The Free State of Prussia (by far Germany's largest and most populous) had a slightly different constitutional setup which required a positive majority in favor of a new government to unseat the sitting government. Otto Braun of the Social Democrats served as Prime Minister of Prussia from 1920 until the 1932 Prussian coup d'état with only two interruptions, providing much more democratic stability in Prussia than at the Reich level.

===Legislative framework in 1949 constitution===

To prevent the type of instability seen on the Reich level during the Weimar Republic and taking a cue from the Prussian model, two provisions were included in the 1949 German constitution, the Basic Law (Grundgesetz) They stipulate that Bundeskanzler (Federal Chancellor), as the function is now called, may be removed from office by majority vote of the Bundestag ("Federal Diet", the German Federal Parliament) only if a prospective successor also has the support of a majority:

 Article 67. (1) The Bundestag can express its lack of confidence in the Federal Chancellor only by electing a successor with the majority of its members and by requesting the Federal President to dismiss the Federal Chancellor. The Federal President must comply with the request and appoint the person elected.
 (2) Forty-eight hours must elapse between the motion and the election.

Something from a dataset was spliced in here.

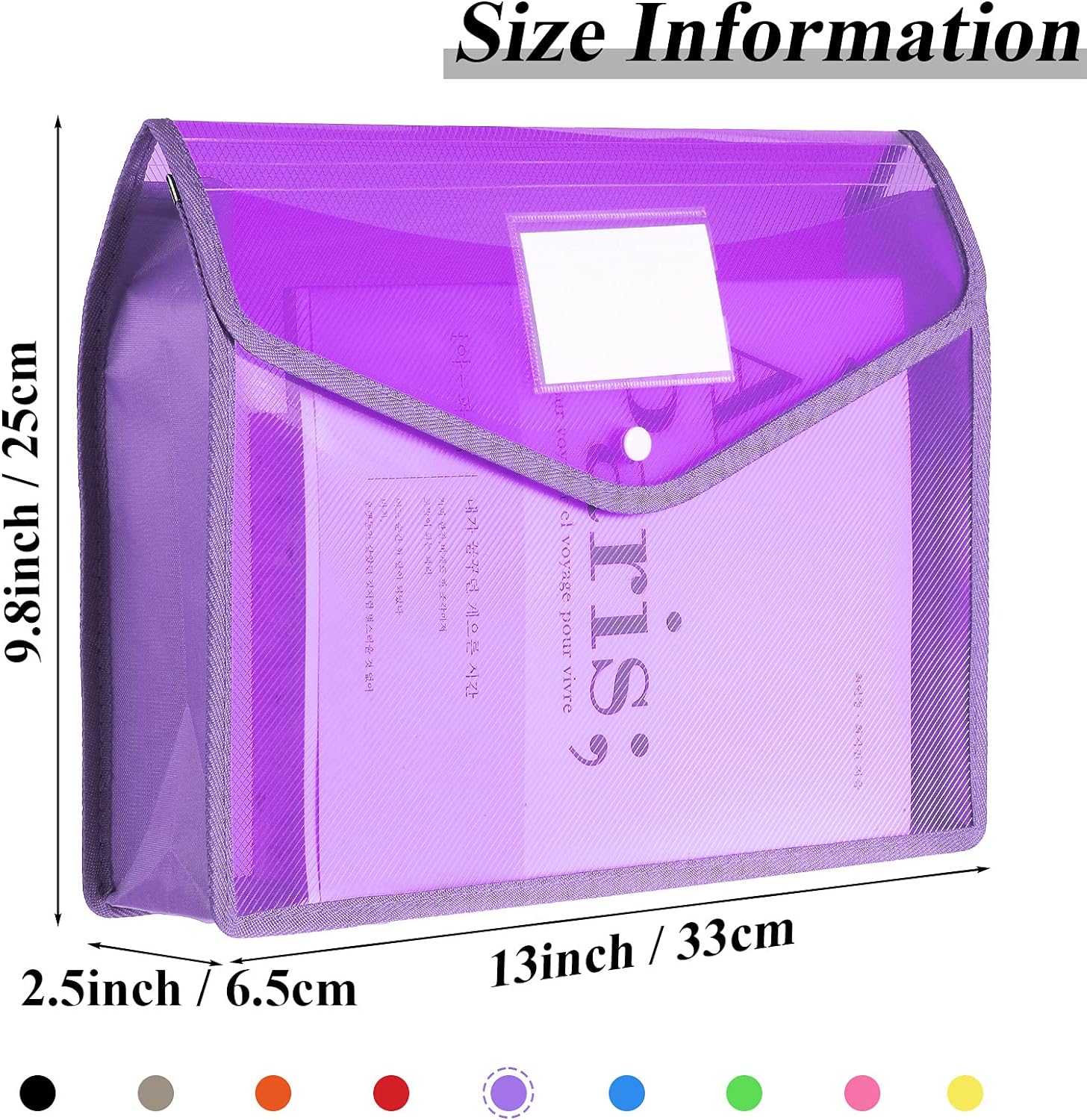- Package content: you will get document folders in 10 different colors (2 black/ 1 blue/ 1 purple/ 1 khaki/1 green/ 1 pink/ 1 orange/ 1 yellow/ 1 red), each A4 document holder folder color is semitransparent design, which makes it easy to organize and distinguish between different file options

 Article 68. (1) If a motion of a Federal Chancellor for a vote of confidence is not assented to by the majority of the members of the Bundestag, the Federal President may, upon the proposal of the Federal Chancellor, dissolve the Bundestag within twenty-one days. The right to dissolve shall lapse as soon as the Bundestag with the majority of its members elects another Federal Chancellor.
 (2) Forty-eight hours must elapse between the motion and the vote thereon.

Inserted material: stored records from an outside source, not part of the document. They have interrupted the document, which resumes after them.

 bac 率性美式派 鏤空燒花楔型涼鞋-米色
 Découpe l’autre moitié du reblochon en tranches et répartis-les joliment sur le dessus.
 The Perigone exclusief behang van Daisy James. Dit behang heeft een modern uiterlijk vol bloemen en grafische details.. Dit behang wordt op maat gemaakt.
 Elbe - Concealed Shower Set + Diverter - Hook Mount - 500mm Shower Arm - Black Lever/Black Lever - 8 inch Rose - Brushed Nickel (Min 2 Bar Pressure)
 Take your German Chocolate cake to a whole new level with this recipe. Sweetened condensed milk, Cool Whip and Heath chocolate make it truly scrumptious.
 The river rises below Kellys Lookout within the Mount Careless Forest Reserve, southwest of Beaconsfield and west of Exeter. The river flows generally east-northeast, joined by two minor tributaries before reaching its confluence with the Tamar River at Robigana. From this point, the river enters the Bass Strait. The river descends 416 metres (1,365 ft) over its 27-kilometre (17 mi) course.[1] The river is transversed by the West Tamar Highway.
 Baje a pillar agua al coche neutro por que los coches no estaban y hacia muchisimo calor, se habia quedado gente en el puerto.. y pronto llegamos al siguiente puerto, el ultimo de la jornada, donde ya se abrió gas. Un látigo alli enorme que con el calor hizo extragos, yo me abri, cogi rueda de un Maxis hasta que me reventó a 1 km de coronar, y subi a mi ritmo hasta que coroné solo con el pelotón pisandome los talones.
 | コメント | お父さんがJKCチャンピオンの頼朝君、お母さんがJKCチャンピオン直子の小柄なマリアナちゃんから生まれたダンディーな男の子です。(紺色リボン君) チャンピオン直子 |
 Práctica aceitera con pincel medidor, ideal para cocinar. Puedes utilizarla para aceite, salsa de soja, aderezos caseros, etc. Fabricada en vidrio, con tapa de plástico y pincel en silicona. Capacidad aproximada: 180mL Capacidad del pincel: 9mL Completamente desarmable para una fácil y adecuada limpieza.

As a result, the failure of a motion of confidence does not automatically force either the resignation of the cabinet or a new election. Rather, the cabinet may continue as a minority government if there is not a positive majority for a prospective successor. At the same time, the Bundestag can't be dissolved unless a motion of no confidence has passed; this was meant as a way to prevent the incumbent Chancellor from strategically calling a new election (such as when the party or coalition they belong to is higher in the polls). Indeed, a dissolution is allowed only after the cabinet has formally lost parliamentary support.

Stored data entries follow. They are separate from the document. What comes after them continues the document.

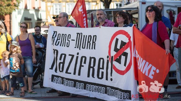 BACKNANG: Am Samstag, 29. August, rief die Initiative Rems-Murr Nazifrei, das JuZe Backnang und einige Backnanger Bürger-/innen alle dazu auf, als Reaktion auf die rechten Übergiffe im Rems-Murr-Kreis und die abgebrannte Flüchtlingsunterkunft in Weissach, an einer Kundgebung am Obstmarkt in Backnang teilzunehmen. Damit wollen wir gemeinsam ein starkes Zeichen gegen Rassismus setzen! so der Veranstalter. (Quelle: Veranstalter)
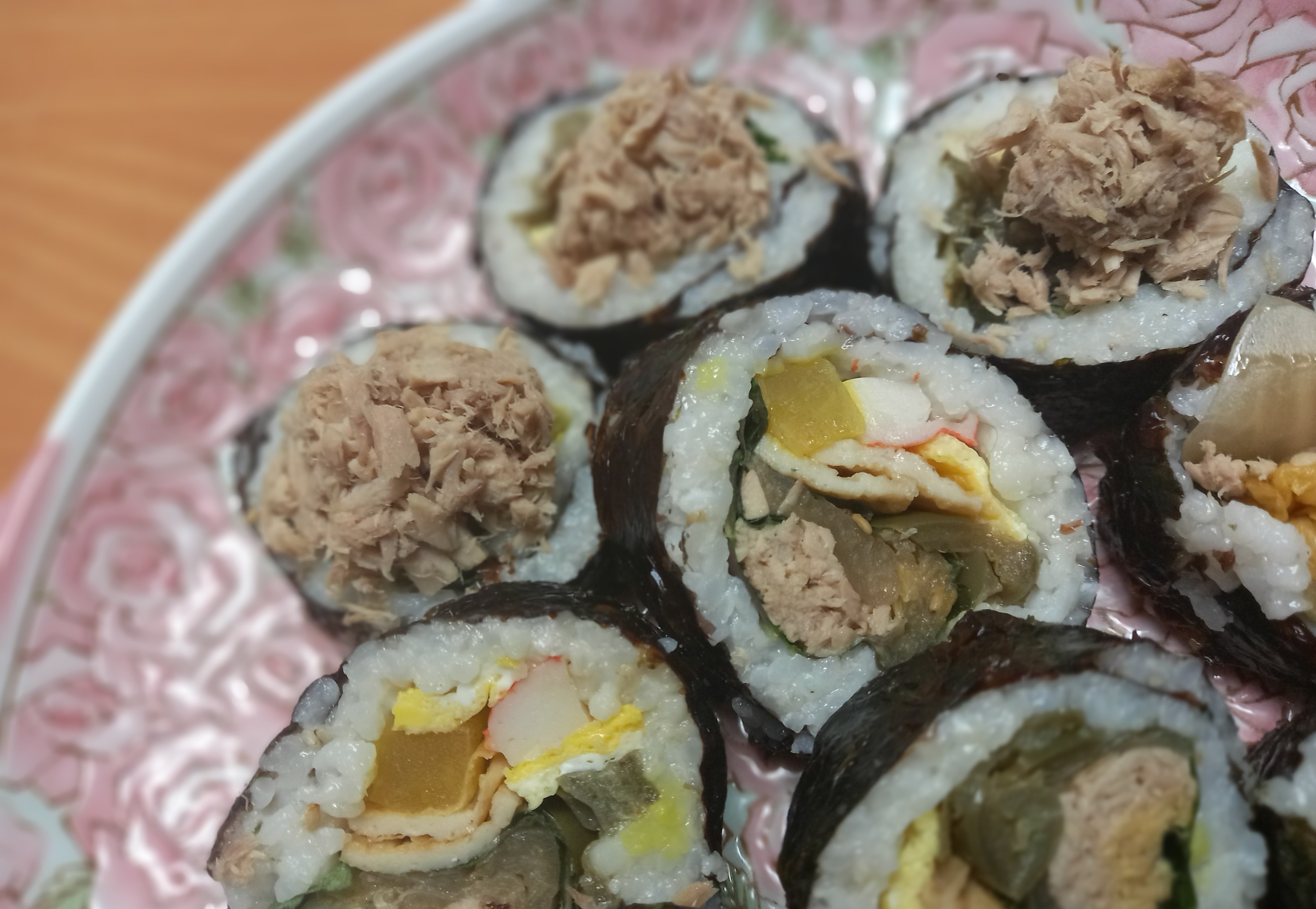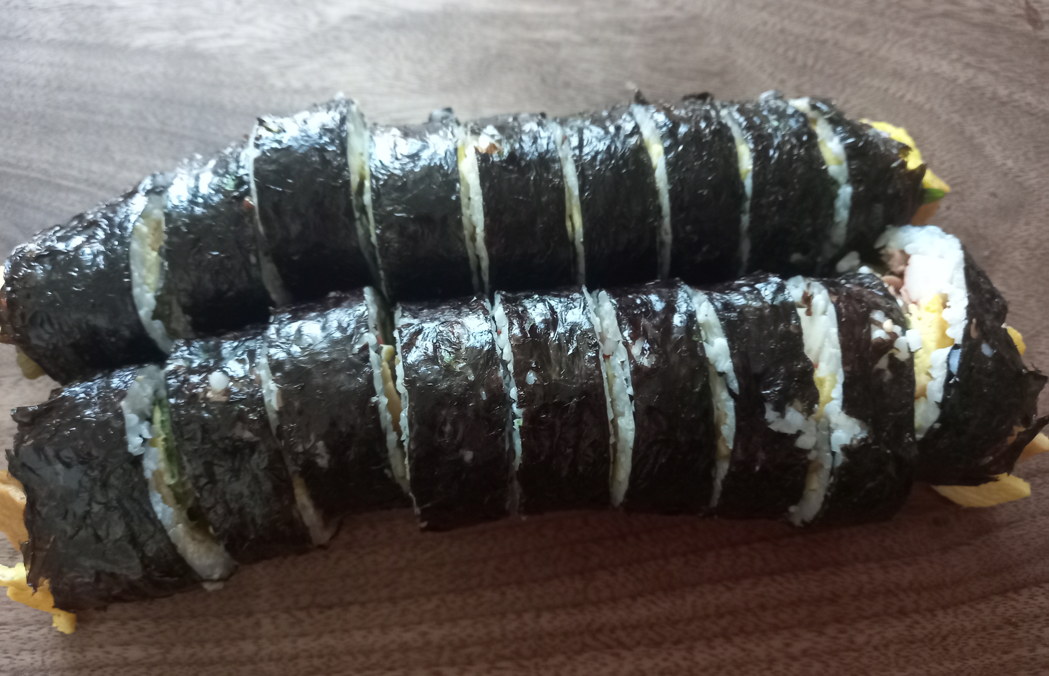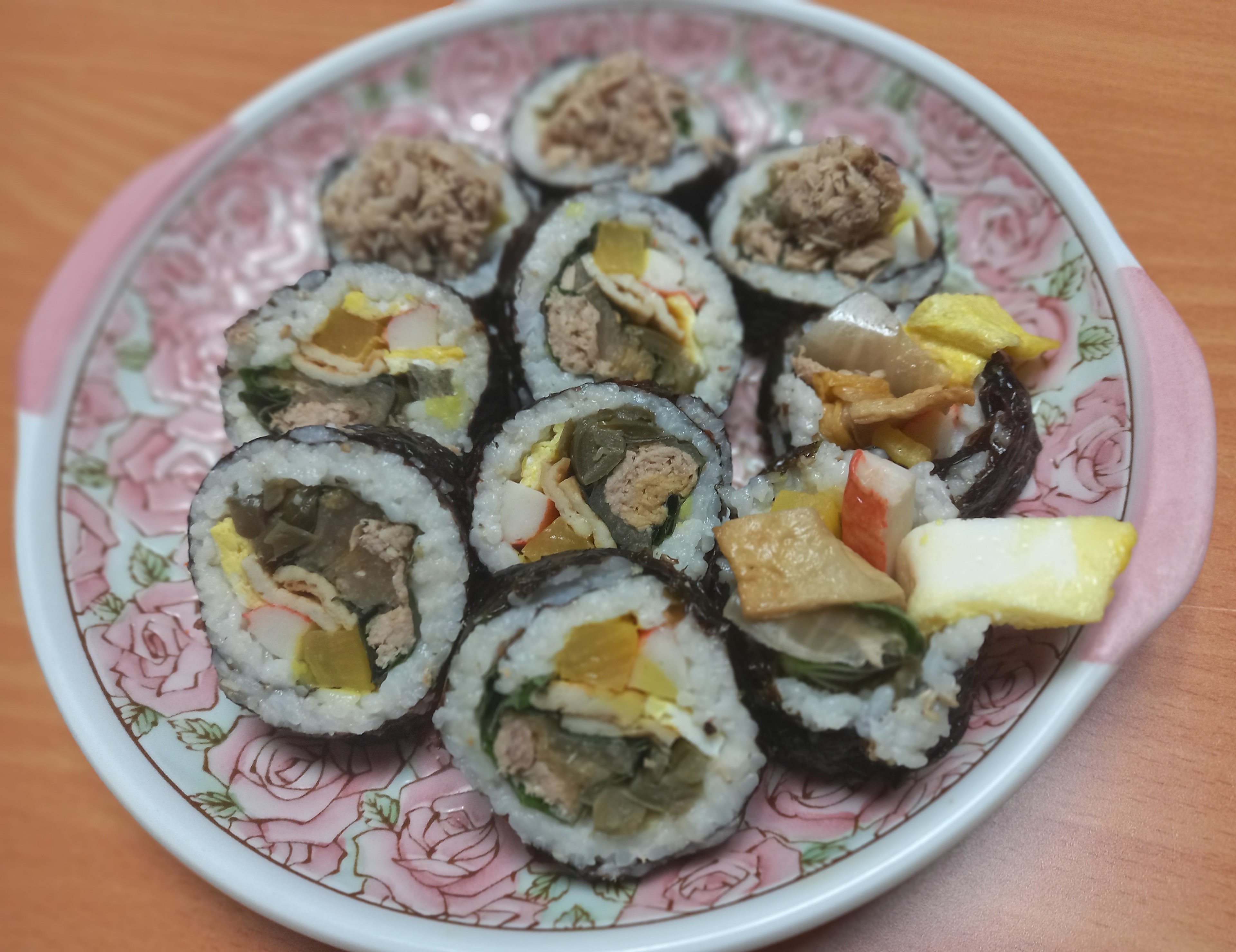 김, 할라피뇨피쿨, 단무지, 계란, 게맛살, 묵은지, 깻잎, 참,들기름. 원당, 통깨, 참치켄,
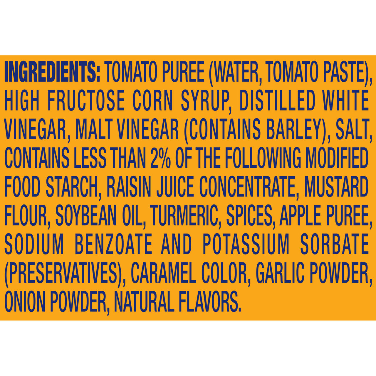 Nutrition Label INGREDIENTS: HEINZ 57 STEAK SAUCE (tomato puree (tomato paste, water), high fructose corn syrup, distilled white vinegar, malt vinegar, salt, contains 2% or less of the following: modified food starch, raisin juice concentrate, mustard flour, soybean oil, turmeric, spices, apple puree, sodium benzoate and potassium sorbate preservatives), caramel color, garlic powder, onion powder, natural ...
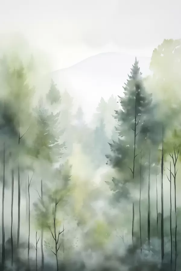 Poster Aquarelschilderij dat een mistig bos met hoge dennenbomen en bergen op de achtergrond imiteert N° f46690

This mechanism of triggering early elections was used four times at the federal level, in 1972 after Willy Brandt narrowly survived an attempt to unseat him, in 1983 after Helmut Kohl wished to cement his ascension via constructive vote of no confidence (the FDP had switched from supporting Helmut Schmidt and the SPD to backing Kohl and the CDU/CSU two years after the 1980 German federal election), in 2005 when Gerhard Schröder wished to obtain a new mandate from the electorate in the face of falling poll numbers, criticism from members of his own party and the loss in the 2005 North Rhine-Westphalia state election (a state his party had governed since 1966) and in 2024 when the FDP broke the coalition with SPD and Alliance 90/The Greens led by Olaf Scholz.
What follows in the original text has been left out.